Exercise description: Return the listing below exactly. Leave its pictures out.

Supplied data:
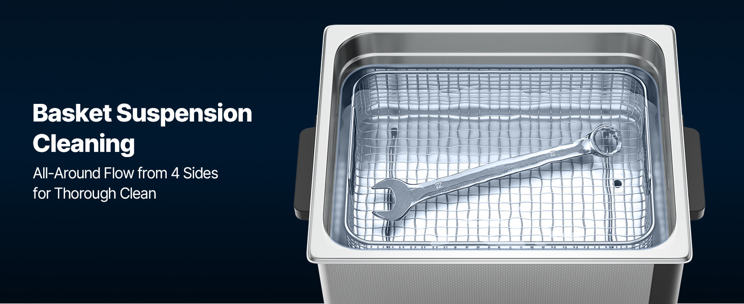 - Premium Quality Design: The sonic cleaner features a corrosion-resistant stainless steel basket and inner tank, with the basket designed to prevent scratches. The upgraded handle facilitates easy transport of a full tank, and the digital display ensures simple, precise operation.
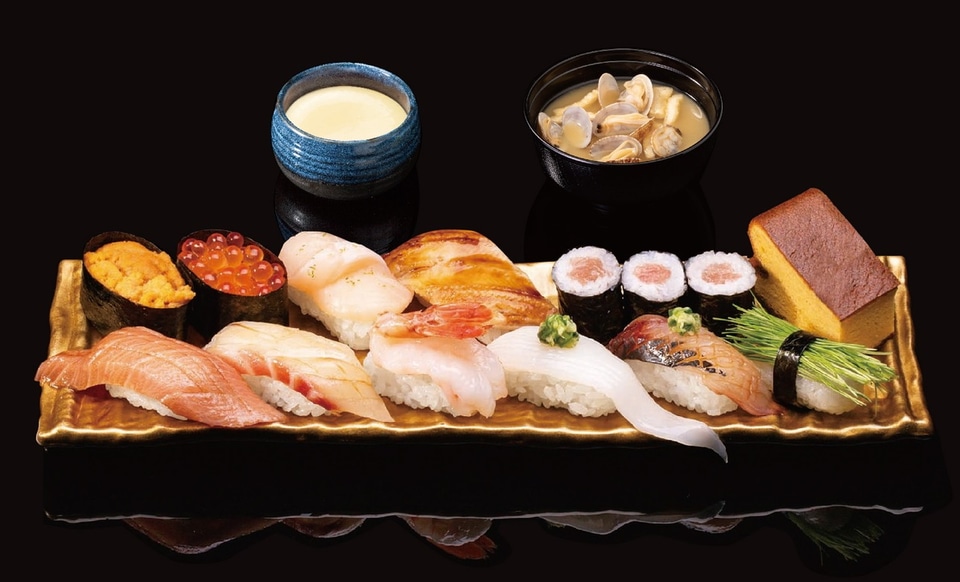 赤身の旨みと脂の甘みのバランスのよい「【地中海産】本まぐろ中とろ」や「うに軍艦」など11貫の寿司とカステラ玉子、特製茶碗蒸しのほか、毎朝店舗で出汁を取って作った本格的な味わいの「あさりの味噌汁」がセットになった商品。
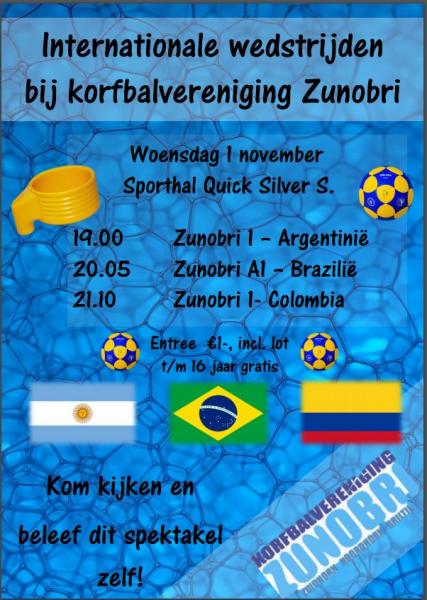 Brazilie, Colomia en Argentine komen met hun internationals naar Nederland om mee te doen aan dit internationale toernooi, in de voorbereiding op dit toernooi zullen ze trainingen en oefenwedstrijden afwerken. Zunobri zal hen ontvangen, entree € 1
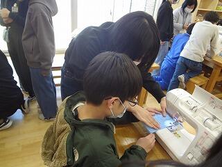 5年生の家庭科で、ミシンの使い方を学習しました。
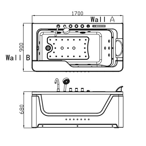 - Długość wanny: 170 cm
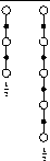 A backup that averages simpler component backups in this way is called a complex backup. The backup diagram for a complex backup consists of the backup diagrams for each of the component backups with a horizontal line above them and the weighting fractions below. For example, the complex backup mentioned above, mixing half of a 2-step backup and half of a 4-step backup, has the diagram:
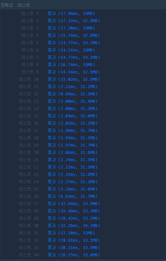 다른 분들의 풀이를 적용해서 비교했을 때 시간 차이가 거의 없었다.
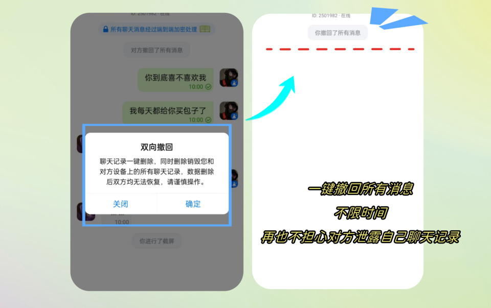 除加密技术外,它们通常还配备多项隐私保护功能,如预设密信、双向消息撤回及截屏提醒等。以“双向撤回”为例,开启后可一键清除所有聊天记录,即便超过60分钟的消息也能彻底撤回。

Reply to the exercise:
 - Premium Quality Design: The sonic cleaner features a corrosion-resistant stainless steel basket and inner tank, with the basket designed to prevent scratches. The upgraded handle facilitates easy transport of a full tank, and the digital display ensures simple, precise operation.
 赤身の旨みと脂の甘みのバランスのよい「【地中海産】本まぐろ中とろ」や「うに軍艦」など11貫の寿司とカステラ玉子、特製茶碗蒸しのほか、毎朝店舗で出汁を取って作った本格的な味わいの「あさりの味噌汁」がセットになった商品。
 Brazilie, Colomia en Argentine komen met hun internationals naar Nederland om mee te doen aan dit internationale toernooi, in de voorbereiding op dit toernooi zullen ze trainingen en oefenwedstrijden afwerken. Zunobri zal hen ontvangen, entree € 1
 5年生の家庭科で、ミシンの使い方を学習しました。
 - Długość wanny: 170 cm
 A backup that averages simpler component backups in this way is called a complex backup. The backup diagram for a complex backup consists of the backup diagrams for each of the component backups with a horizontal line above them and the weighting fractions below. For example, the complex backup mentioned above, mixing half of a 2-step backup and half of a 4-step backup, has the diagram:
 다른 분들의 풀이를 적용해서 비교했을 때 시간 차이가 거의 없었다.
 除加密技术外,它们通常还配备多项隐私保护功能,如预设密信、双向消息撤回及截屏提醒等。以“双向撤回”为例,开启后可一键清除所有聊天记录,即便超过60分钟的消息也能彻底撤回。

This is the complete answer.